## WHAT THE EXERCISE ASKS
Print exactly and only the lines that run from the one containing "Taking a walk" through the end of the material, please, omitting pictures.

## DATASET EXCERPT
◆ ◆ ◆ ◆

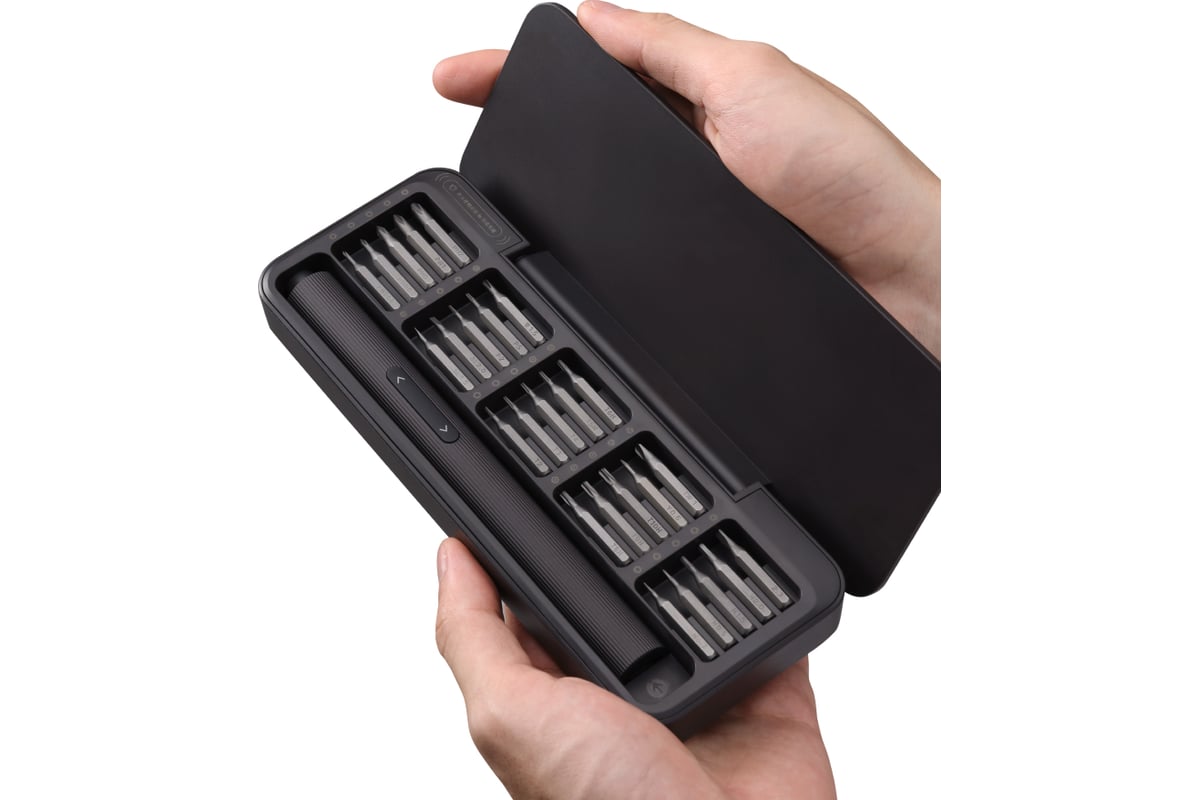 Аккумуляторная отвертка HOTO Electric Screwdriver Set с набором бит, 5В QWLSD010 представляет собой набор из 24 прецизионных бит для точных работ С4 и отвертку из алюминиевого сплава.
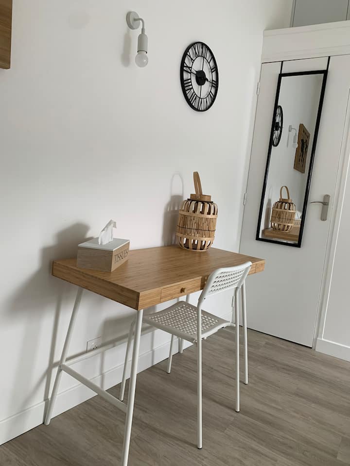 Izba s Wi-Fi, ktorá je vhodná na prácu.
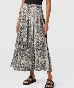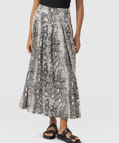 Taking a walk on the wild side, our Eliza skirt boasts a monochrome snake print across its entire A-line silhouette. This serpent-inspired style is designed to sit at your waist with a flat waistband before falling into box pleats, which help to create a breezy finish. Wear yours with a black tee, chunky knitwear for warmth, and a pair of Billie Rock Boots to create a look with edge.
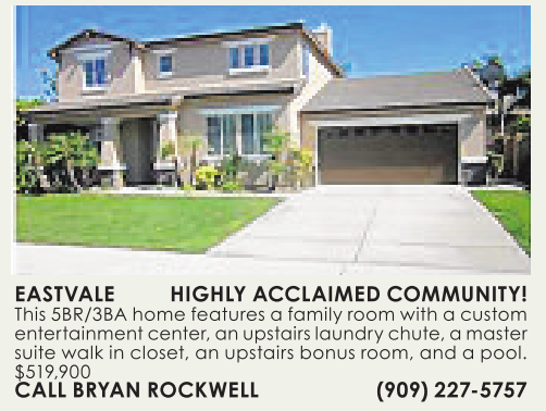 EASTVALE HIGHLY ACCLAIMED COMMUNITY! This 5BR/3BA home features afamily room with acustom entertainment center, an upstairs laundry chute, amaster suite walk in closet, anupstairs bonus room, and apool. $519,900 CALL BRYAN ROCKWELL (909) 227-5757

◆ ◆ ◆ ◆

## EXPECTED ANSWER
 Taking a walk on the wild side, our Eliza skirt boasts a monochrome snake print across its entire A-line silhouette. This serpent-inspired style is designed to sit at your waist with a flat waistband before falling into box pleats, which help to create a breezy finish. Wear yours with a black tee, chunky knitwear for warmth, and a pair of Billie Rock Boots to create a look with edge.
 EASTVALE HIGHLY ACCLAIMED COMMUNITY! This 5BR/3BA home features afamily room with acustom entertainment center, an upstairs laundry chute, amaster suite walk in closet, anupstairs bonus room, and apool. $519,900 CALL BRYAN ROCKWELL (909) 227-5757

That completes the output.